Advances in packaging technology and logistics also play a big part in the meal kit popularity by taking the difficulty out of delivery.
“We refer to it as the last mile,” Sunderland explained. “The minute you put a frozen product on a delivery truck the cold chain is no longer maintained. That’s always been a deal killer for a lot of this. But with the advent of oxygen permeable packaging films you can allow a frozen product to thaw out and still have it be food safe. That’s been an enormous change in the market because it allows you to do something you couldn’t do before.”
The meal kit concept also reduces waste.
“The fish or the meat is portioned just right, the vegetables are portioned to a particular dinner and recipe and the waste stream is greatly diminished. I think that’s appealing to people as well,” he added.
But it is the customer focus on high quality ingredients that plays into Alaska’s hands, Sunderland believes.
“Over the years Alaska has been constantly improving the quality of the raw materials and the finished goods all the way through the system. That puts us in a great position to take advantage of this,” he said.
Also, the ability for home kit providers to rotate products also Alaska to capitalize on the timing of various fisheries throughout the year.
“That can match up really well with how Alaska product is managed in inventory,” Sunderland said.
Another plus: for decades research has shown that 65 percent of Americans eat seafood only at restaurants because they claim they don’t know how to cook it properly. Home meal kits will bring fish right into their kitchens.
“That’s the key,” Sunderland said. “When they get top quality fish with very specific cooking directions, it maximizes the likelihood that they are going to be successful and they will order it again. It is about as perfect as it can be.”
Fish funds: Trump cuts thwarted
Alaska’s fisheries and related programs got a mix of budget guts and gains for 2018 before Congress left for its five-week recess.

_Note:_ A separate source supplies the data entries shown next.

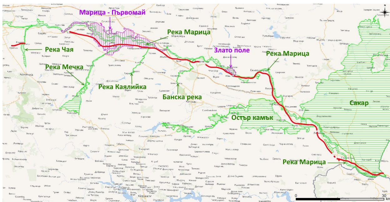
Фигура I.2-1: Местоположение на ИП (червена линия) спрямо защитените зони. Зелен хоризонтален щрих – ЗЗ по Директивата за хабитатите; лилав вертикален щрих – ЗЗ по Директивата за птиците.

Трасето на жп линията пресича и ЗЗ BG0000437 „Река Черкезица“, обявена по Директивата за местообитанията, но в този участък (Катуница – Поповица) съществуващото междугарие е електрифицирана двойна жп линия, която съответства на изискванията към проекта за удвояване и не са необходими проектни мероприятия. Респективно, в границите на зоната не се предвиждат никакви дейности. Реката, респ. зоната, се пресича изцяло чрез мостово съоръжение (Фиг. I.2-2).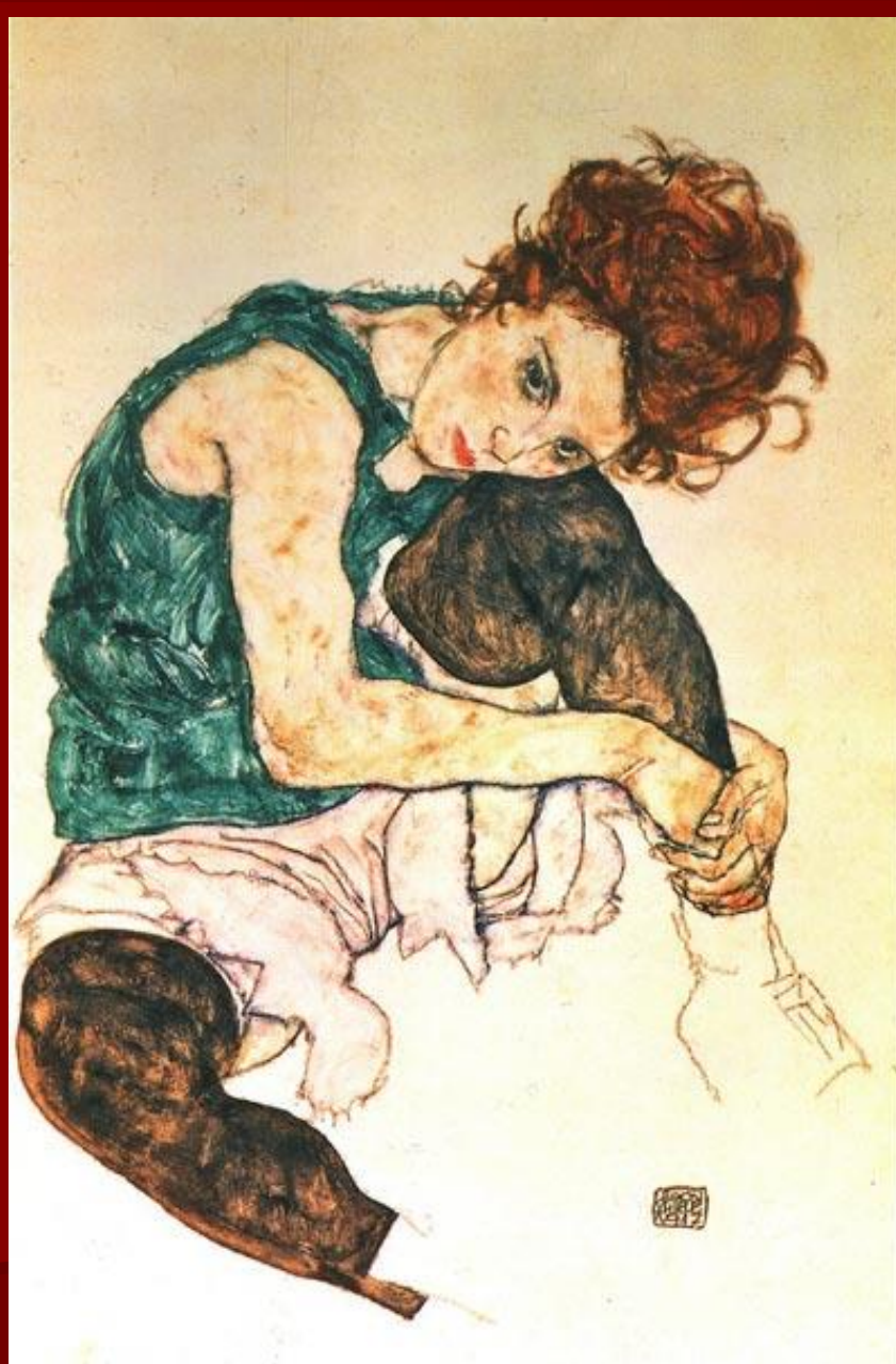
Э. Шиле. «Сидящая женщина».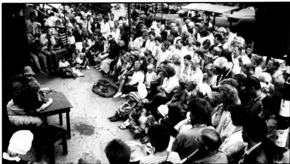
Grote publieke belangstelling bij de opvoering van het middeleeuwse wagenspel 'Toe maar' door de speelgroep Filiassi tijdens de open dag van het Goois Museum.

On the hit list: total funding for the National Oceanic and Atmospheric Administration (NOAA) budget was set at $5.6 billion - an $85 million cut – but far less than the $900 million cut proposed by Donald Trump.
Senate appropriators also rejected Trump’s call for a 32 percent cut for climate, weather and oceans research, and instead provided a budget of nearly $480 million for those programs.

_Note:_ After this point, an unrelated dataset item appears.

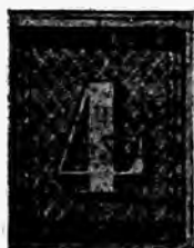
Fig. 1 — Reproduction d'un 4 rappen neuf

Les timbres de Zürich furent lithographiés sur papier assez épais; le dessin primitif des 5 types fut reporté sur la pierre, de manière à faire 10 rangées de 10 timbres, la feuille se composait donc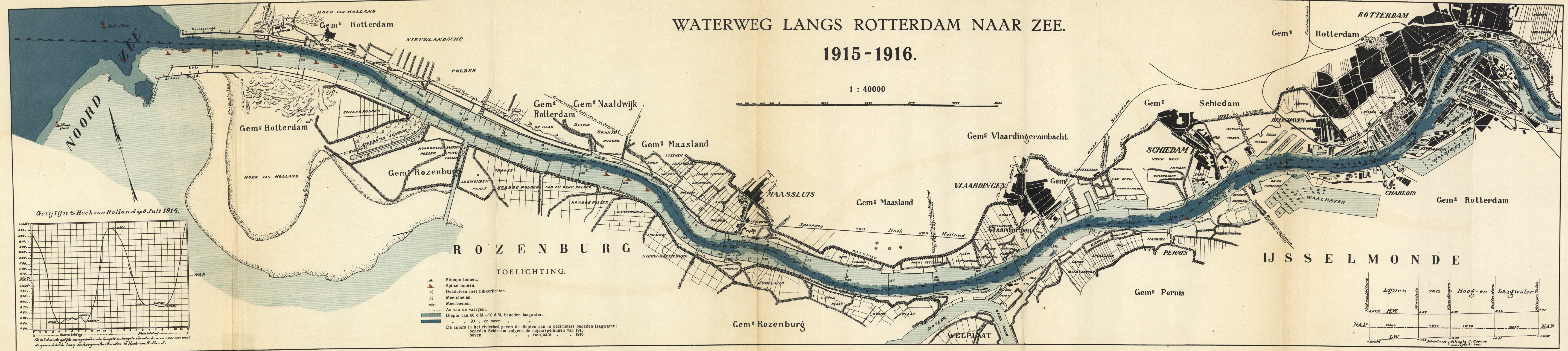
Geltlijn te Hoek van Holland op 6 Juli 1914.

Also rejected were plans to gut the national Sea Grant program which supports over 20,000 jobs and nearly 3,000 businesses. Sea Grant was funded at $65 million, a $2 million increase.
Coastal Zone Management grants also were fully funded, and fisheries data collection, surveys and stock assessments were boosted to nearly $165 million.
Regional fisheries councils and commissions also received robust funding of $36 million.
Pacific Coastal Salmon Recovery Funds were maintained at $65 million, and Pacific Salmon Treaty activities received a $2 million increase to $14 million.
Weather satellite programs funded at nearly $420 million reflect a $90 million increase, $239 million above the Trump administration’s request.
The Senate appropriations bill also provides $75 million to begin building a new NOAA survey vessel, $11 million for addressing ocean acidification, and an extra $3 million to expedite electronic monitoring programs.
King closure
Fishing for king salmon was shut down on August 10 in Southeast Alaska for all commercial and sport users. The unprecedented move stems from record low returns, resulting in the worst commercial harvest since 1975.
“We felt compelled to do as much as we could to look toward the future,” said Charlie Swanton, Alaska Dept. of Fish and Game Deputy Commissioner. “Ocean conditions don’t look all that promising in 2018, and we want to do whatever we can to turn that around into 2018 and beyond.”
The king salmon closure will be reviewed in September.